The Science of Cookies

What makes a cookie a cookie?

At a basic level, cookies are a balance of flour, fat, sugar, and liquid. What you do with those ingredients, along with how you mix and bake them, is what changes the outcome. That’s why cookies can turn out crispy, soft, thick, chewy, or even cakey.

Once I started learning the science behind it, baking felt less like guessing and more like understanding.

The science behind the key ingredients

The science behind the key ingredients?

Flour


Flour provides structure through gluten, which forms when it’s mixed. More flour means more structure, which leads to thicker cookies. Less flour means the dough spreads more, creating thinner cookies.

The type of flour also matters. All-purpose flour is more balanced, bread flour has more protein which makes cookies chewier, and cake flour has less protein which makes them softer and more tender.

Fat


Fat affects both texture and spread. When fat melts in the oven, it causes the cookie to spread.

Butter, especially melted butter, leads to thinner cookies because it melts quickly. Creamed butter (beaten with sugar) traps air, which makes cookies lighter and softer. Chilling the dough slows down how fast the fat melts, which helps control spreading.

Shortening works differently. It has a higher melting point, so cookies hold their shape more and turn out softer and more tender.

Sugar


Sugar does more than just sweeten. It affects texture, moisture, and how cookies spread.

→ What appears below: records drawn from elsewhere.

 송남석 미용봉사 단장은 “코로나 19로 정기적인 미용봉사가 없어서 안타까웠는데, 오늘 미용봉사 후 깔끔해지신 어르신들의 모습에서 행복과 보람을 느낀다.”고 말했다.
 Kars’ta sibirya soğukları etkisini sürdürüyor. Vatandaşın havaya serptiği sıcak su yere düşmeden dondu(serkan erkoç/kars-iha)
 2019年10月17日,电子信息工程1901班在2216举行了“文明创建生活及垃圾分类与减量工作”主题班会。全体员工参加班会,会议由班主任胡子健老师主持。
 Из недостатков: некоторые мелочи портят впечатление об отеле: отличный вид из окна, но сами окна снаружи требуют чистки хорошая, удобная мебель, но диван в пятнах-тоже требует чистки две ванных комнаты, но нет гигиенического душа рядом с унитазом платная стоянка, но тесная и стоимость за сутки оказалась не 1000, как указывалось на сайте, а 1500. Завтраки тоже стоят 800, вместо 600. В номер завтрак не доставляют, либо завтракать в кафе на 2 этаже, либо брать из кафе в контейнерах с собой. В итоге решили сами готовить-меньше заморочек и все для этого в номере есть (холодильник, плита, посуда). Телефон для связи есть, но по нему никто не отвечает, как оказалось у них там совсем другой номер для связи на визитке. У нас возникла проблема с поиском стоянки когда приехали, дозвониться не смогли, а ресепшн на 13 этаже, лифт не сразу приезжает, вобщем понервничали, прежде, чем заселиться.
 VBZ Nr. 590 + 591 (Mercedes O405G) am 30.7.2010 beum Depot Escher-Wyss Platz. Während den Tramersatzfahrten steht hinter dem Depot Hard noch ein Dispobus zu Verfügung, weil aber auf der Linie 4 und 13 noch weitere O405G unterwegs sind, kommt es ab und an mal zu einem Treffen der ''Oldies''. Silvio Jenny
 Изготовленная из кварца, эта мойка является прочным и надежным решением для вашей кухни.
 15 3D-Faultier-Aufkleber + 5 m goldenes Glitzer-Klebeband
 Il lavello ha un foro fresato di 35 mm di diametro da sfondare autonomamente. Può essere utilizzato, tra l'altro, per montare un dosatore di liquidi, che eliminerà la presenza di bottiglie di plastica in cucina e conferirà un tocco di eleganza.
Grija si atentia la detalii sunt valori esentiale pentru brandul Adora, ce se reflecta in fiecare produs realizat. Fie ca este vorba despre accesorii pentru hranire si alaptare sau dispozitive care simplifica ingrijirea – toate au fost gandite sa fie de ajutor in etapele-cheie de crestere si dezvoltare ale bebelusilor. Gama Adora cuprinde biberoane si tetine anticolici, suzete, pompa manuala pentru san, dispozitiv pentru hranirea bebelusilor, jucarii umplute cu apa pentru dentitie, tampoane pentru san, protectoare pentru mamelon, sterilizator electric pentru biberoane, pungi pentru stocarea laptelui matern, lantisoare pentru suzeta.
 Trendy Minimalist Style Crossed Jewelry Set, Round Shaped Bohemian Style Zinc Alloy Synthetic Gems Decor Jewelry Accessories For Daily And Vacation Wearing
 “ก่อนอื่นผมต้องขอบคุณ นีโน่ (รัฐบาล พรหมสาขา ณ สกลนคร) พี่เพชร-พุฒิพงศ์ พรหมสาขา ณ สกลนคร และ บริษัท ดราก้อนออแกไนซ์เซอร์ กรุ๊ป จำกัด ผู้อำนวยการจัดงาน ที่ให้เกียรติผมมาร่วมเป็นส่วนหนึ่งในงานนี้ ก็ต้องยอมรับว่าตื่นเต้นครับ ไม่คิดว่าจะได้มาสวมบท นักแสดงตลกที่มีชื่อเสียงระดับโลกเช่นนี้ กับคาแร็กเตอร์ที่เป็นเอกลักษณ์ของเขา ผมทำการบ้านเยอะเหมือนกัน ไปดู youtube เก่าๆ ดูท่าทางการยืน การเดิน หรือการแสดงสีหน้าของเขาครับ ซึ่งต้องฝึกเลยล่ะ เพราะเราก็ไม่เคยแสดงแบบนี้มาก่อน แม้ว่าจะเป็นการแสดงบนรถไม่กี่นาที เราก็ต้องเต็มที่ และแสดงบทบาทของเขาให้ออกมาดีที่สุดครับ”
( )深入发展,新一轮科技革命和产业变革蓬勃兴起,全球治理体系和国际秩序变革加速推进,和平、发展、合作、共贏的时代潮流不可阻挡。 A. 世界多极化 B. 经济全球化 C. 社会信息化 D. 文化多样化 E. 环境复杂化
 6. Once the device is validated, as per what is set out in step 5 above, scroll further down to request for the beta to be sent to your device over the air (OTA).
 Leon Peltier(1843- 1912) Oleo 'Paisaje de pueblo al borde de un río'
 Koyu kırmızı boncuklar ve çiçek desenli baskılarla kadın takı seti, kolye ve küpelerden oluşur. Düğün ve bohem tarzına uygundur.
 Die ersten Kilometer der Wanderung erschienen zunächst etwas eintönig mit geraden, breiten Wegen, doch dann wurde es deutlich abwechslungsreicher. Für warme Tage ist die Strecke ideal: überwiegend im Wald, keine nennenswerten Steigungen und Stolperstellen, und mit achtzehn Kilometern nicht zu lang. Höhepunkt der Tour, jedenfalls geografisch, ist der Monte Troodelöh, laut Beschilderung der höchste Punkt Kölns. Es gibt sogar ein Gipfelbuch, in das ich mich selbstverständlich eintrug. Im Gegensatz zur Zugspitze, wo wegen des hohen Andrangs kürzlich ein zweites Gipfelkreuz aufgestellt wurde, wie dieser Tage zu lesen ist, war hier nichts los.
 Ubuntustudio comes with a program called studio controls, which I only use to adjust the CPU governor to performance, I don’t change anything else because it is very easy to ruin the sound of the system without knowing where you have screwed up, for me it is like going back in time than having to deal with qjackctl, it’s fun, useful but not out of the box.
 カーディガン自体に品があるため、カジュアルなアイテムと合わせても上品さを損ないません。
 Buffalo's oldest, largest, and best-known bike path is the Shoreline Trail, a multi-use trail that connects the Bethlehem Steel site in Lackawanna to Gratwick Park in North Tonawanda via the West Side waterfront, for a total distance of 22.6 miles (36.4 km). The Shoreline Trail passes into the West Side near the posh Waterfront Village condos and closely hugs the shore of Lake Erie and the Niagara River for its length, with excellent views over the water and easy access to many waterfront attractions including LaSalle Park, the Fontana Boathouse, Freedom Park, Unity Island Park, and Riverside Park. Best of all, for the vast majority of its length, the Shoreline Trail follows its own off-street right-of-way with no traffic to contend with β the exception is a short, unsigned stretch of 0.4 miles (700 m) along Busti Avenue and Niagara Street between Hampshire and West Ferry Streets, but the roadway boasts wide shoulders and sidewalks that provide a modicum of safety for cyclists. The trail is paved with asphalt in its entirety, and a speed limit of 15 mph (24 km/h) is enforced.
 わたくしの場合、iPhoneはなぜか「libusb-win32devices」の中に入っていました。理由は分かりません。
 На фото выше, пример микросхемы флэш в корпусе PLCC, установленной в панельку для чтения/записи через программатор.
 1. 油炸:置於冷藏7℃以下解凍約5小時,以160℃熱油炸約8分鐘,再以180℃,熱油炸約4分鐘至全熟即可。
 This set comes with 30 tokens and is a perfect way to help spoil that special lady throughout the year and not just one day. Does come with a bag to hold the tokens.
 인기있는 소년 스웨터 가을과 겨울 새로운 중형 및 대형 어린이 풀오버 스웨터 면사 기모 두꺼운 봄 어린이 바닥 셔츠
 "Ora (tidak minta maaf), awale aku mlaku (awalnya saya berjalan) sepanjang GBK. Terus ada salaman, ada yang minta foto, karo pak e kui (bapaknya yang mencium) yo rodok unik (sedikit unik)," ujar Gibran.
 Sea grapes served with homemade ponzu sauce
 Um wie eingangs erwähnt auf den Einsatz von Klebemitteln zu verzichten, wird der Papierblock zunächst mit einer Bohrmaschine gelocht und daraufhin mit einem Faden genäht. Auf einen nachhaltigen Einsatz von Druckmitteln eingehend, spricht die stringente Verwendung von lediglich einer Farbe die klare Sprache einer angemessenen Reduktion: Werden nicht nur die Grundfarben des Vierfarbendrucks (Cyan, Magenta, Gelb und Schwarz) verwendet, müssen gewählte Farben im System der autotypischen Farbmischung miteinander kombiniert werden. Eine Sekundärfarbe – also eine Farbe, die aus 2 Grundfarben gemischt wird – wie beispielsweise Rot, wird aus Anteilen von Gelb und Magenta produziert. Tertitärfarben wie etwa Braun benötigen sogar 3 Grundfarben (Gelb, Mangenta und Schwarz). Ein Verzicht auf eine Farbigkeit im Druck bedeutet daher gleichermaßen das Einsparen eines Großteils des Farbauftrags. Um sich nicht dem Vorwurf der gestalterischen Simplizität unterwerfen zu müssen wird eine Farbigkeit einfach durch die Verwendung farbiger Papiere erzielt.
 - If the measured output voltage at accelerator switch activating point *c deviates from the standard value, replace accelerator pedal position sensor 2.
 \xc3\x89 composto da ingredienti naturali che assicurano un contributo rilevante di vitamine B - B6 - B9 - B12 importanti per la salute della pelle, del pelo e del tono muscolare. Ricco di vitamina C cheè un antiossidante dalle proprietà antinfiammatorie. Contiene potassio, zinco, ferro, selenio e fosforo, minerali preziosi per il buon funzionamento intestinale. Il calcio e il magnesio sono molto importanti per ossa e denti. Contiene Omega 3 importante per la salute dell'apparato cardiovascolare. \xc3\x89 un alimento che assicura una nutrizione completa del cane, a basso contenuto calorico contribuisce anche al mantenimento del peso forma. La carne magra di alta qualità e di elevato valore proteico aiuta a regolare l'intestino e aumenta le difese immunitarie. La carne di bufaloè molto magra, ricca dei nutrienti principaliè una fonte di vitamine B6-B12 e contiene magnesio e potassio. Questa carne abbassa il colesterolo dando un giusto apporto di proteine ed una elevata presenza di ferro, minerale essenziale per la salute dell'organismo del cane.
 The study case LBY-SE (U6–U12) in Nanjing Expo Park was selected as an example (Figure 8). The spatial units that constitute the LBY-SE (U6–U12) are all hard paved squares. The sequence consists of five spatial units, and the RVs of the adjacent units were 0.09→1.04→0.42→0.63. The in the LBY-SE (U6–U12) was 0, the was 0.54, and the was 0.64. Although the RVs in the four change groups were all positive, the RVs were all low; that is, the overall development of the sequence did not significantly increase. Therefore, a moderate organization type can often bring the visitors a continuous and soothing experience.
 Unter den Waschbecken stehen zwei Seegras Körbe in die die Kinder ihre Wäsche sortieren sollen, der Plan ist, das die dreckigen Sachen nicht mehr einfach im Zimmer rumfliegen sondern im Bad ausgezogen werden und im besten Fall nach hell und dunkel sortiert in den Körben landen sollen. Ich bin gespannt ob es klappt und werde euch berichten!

When sugar dissolves, it pulls in moisture, which helps keep cookies soft. As it heats, it caramelizes and adds flavor and color.

Different sugars behave differently. White sugar tends to make cookies spread more and gives a crispier texture. Brown sugar has molasses, which adds moisture and makes cookies softer and chewier.

Sugar also plays a role when creamed with butter. It helps create air pockets, which affects the final texture.

Eggs


Eggs act as a binder and add structure, but they also bring moisture.

The egg whites help with structure, while the yolks add fat and richness. More egg can make cookies softer and more cake-like, while less egg can make them denser.

Even small changes, like using an extra yolk or removing a white, can completely change the texture of a cookie.

Leavening (Baking Soda vs Baking Powder)


Leavening agents control how cookies rise and spread.


Baking soda needs an acid to react and helps cookies spread more. It also contributes to browning.

Baking powder already contains an acid, so it creates a more controlled rise. This usually leads to thicker, softer cookies.

Using one over the other changes both the texture and appearance of the cookie.